I'd really appreciate that!


----------



## Hauntiholik

The first neon transformer I got was damaged in shipping. I wanted to test the 2nd one to make sure it wasn't a dud.


----------



## Zombie-F

Nice!


----------



## Zombie-F

Photos of the spacers I made. There are two of them. One is about 1/3 of the way up from the bottom and the second about 2/3 of the way up. The bottom-most one has a larger spacing than the top one.

What I did was I kept adjusting the spacing on the copper tubes until the spark ran all the way up them. Then, I cut v-shaped grooves into the plastic spacers with a dremel that the copper fit into. I cut them so they could be glued to maintain the spacing that made the spark run all the way up.

The key is to make sure when you glue them, you use 5 min epoxy (Hot glue re-melts under the heat of the spark) and make sure the epoxy doesn't get between the two copper tubes. Just get the glue onto the back of the copper tubes and in the v-shaped grooves.

Jacobs Ladder :: Lower Spacer picture by Zombie-F - Photobucket Jacobs Ladder :: Upper Spacer picture by Zombie-F - Photobucket​


----------



## OpenTrackRacer

I'm building one for this year too. I have it up and running but we're still working on the enclosure. It uses a 15,000 volt, 30 amp transformer, high voltage neon hookup wire and two 48" welding rods. I have the spacing pretty tight and the arc goes all the way to the top just about every time.


----------



## Decrepit Desecr8shun

Hauntoholic,u may want 2 check this out:

http://members.tripod.com/~Shady_Hollow/Projects/jladder.html

There are several How to Lists out there but this is Mark Butlers Monster List is one of(if not the)most comprehensive out there!!! Thanx MARK!!! 
BTW,that u in the pic? Sexy!


----------



## Hauntiholik

Video of my jacob's ladder so far. I have to paint the box and add a panel to the front. Only one of the acrylic tubes is shown. The other will be attached soon.


----------



## OpenTrackRacer

Nice! That looks great. You're going to have to find a place for it in the house because it's too nice to pack away for the rest of the year!

How tall are the electrodes?


----------



## Hauntiholik

OpenTrackRacer said:


> How tall are the electrodes?


They are about about 34" tall.


----------



## billman

Excellent job!!

Hey, I was watching the show "the colony" on discovery channel. They made a tesla coil as an ozone generator to purify water. It looks very similar in practice to the Jacob's ladder.
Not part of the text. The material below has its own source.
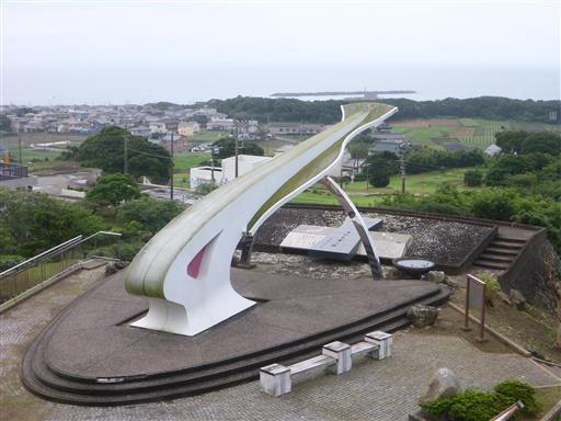 眼下に日比友愛の碑が見える。巨大なモニュメントだ。

His ran off of a 12v battery.

Look at mark 5:27





And here's the rest:


----------



## OpenTrackRacer

That reminds me... I forgot to post the video link for my completed Jacob's Ladder...






I think I'll add some labels and maybe a few indicator lights but other than that it's complete.


----------



## debbie5

What about it?

Mark 5:27:"...When she heard about Jesus, she came up behind him in the crowd and touched his cloak..."


----------



## OpenTrackRacer

Uhhhh... I'm pretty sure he meant the five minute and twenty seven second mark of the video where they start talking about the Tesla coil.



debbie5 said:


> What about it?
> 
> Mark 5:27:"...When she heard about Jesus, she came up behind him in the crowd and touched his cloak..."


----------



## Zombie-F

Praise to Haunti! That thing is badass!


----------



## fritz42_male

Very nice. And for your next trick?


----------



## OpenTrackRacer

Thanks! My next trick is doing the finishing touches on the mad scientist control panel that goes in the scene with it...


----------



## fritz42_male

Me likey!

You should find some big old valves and wire them up on the top of the box so the heaters are on.

Apparently you can buy Nixie tubes as well so these would look good 'counting down to armageddon'


----------



## Hauntiholik

Your ladder looks awesome OTR. It's puts mine to shame.


----------



## OpenTrackRacer

Thanks again for the kind comments. Hauntiholik, don't knock yours at all. It brings back memories for me... years and years ago I saw a nice Jacob's Ladder like yours at an electronics swap meet. Like yours, it was the kind you'd want to leave on your desk all year long. It was $50 and I couldn't afford it. I've always regretted that and I'm still considering building another one that looks classy like yours to keep around all year round. By the way, I like the C4 and the lift. I have a '99 C5 and love it.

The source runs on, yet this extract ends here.